Photo by Frank Busch on Unsplash

In this blog series we demonstrate how to represent transformer models in a multiphase retrieval and ranking pipeline using We also evaluate these models on the largest Information Retrieval relevance dataset, namely the MS Marco Passage ranking dataset. We demonstrate how to achieve close to state of the art ranking using miniature transformer models with just 22M parameters, beating large ensemble models with billions of parameters.

In the first post in this series we introduced using pretrained language models for ranking and three popular methods for using them for text ranking. In the second post we studied efficient retrievers which could be used as the first phase in a multiphase retrieval and ranking pipeline. In this third post we study a re-ranking model which we will deploy as a re-ranker on top of the retriever methods we studied in the previous post, but first let us recap what a multiphase retrieval and ranking pipeline is.

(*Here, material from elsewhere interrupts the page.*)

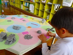 ↓ 2年生はかけ算を作っていました。今日は5の段です。
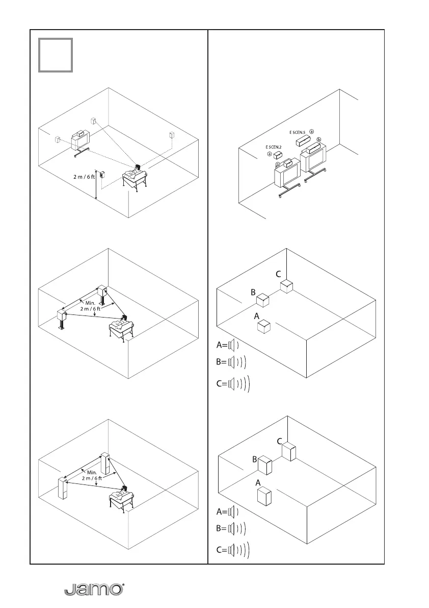 JAMO E 500 - Speaker System Placement Diagrams; Stereo Speaker Positioning; Subwoofer Placement Guide

In a multiphased retrieval and ranking pipeline, the first phase retrieves candidate documents using a cost efficient retrieval method and the more computationally complex cross-attention or late interaction model inference is limited to the top ranking documents from the first phase. In this post we will study the Contextualized late interaction over BERT (ColBERT) model and deploy it as a re-ranking phase on top of the dense retriever that we studied in the previous post. The CoLBERT ranking model was introduced in ColBERT: Efficient and Effective Passage Search via Contextualized Late Interaction over BERT by Omar Khattab and Matei Zaharia.

Contextualized late interaction over BERT (ColBERT)

In the previous post in this series we introduced a dense retriever using a bi-encoder archiecture over a Transformer model (MiniLM). Both queries and documents were encoded by the bi-encoder and represented in the same dense embedding vector space. We used cosine similarity between the query and the document in this embedding vector space to rank documents for a query and we could accelerate the retrieval phase using approximate nearest neighbor search using angular distance or innerproduct.

Unlike the dense bi-encoder the contextualized late interaction model represents the query and document as multiple vectors obtained from the last output layer of the Transformer model. Bi-encoders on the other hand, usually performs a pooling operation over the last transformer layer, e.g just using the embedding representation from the CLS output token, or mean over all token output embeddings. Also, unlike other text to vector representations like Word2Vec, the token vector representation depends on the other tokens in the same input sequence. For example the token driver in the text Microsoft driver has a different vector representation than driver in the text Taxi driver as the context is different. This thanks to the attention mechanism in the Transformer architecture where each token attends to all other tokens in the same input sequence. We can say that token output vector representation is contextualized by the other tokens in the input text sequence.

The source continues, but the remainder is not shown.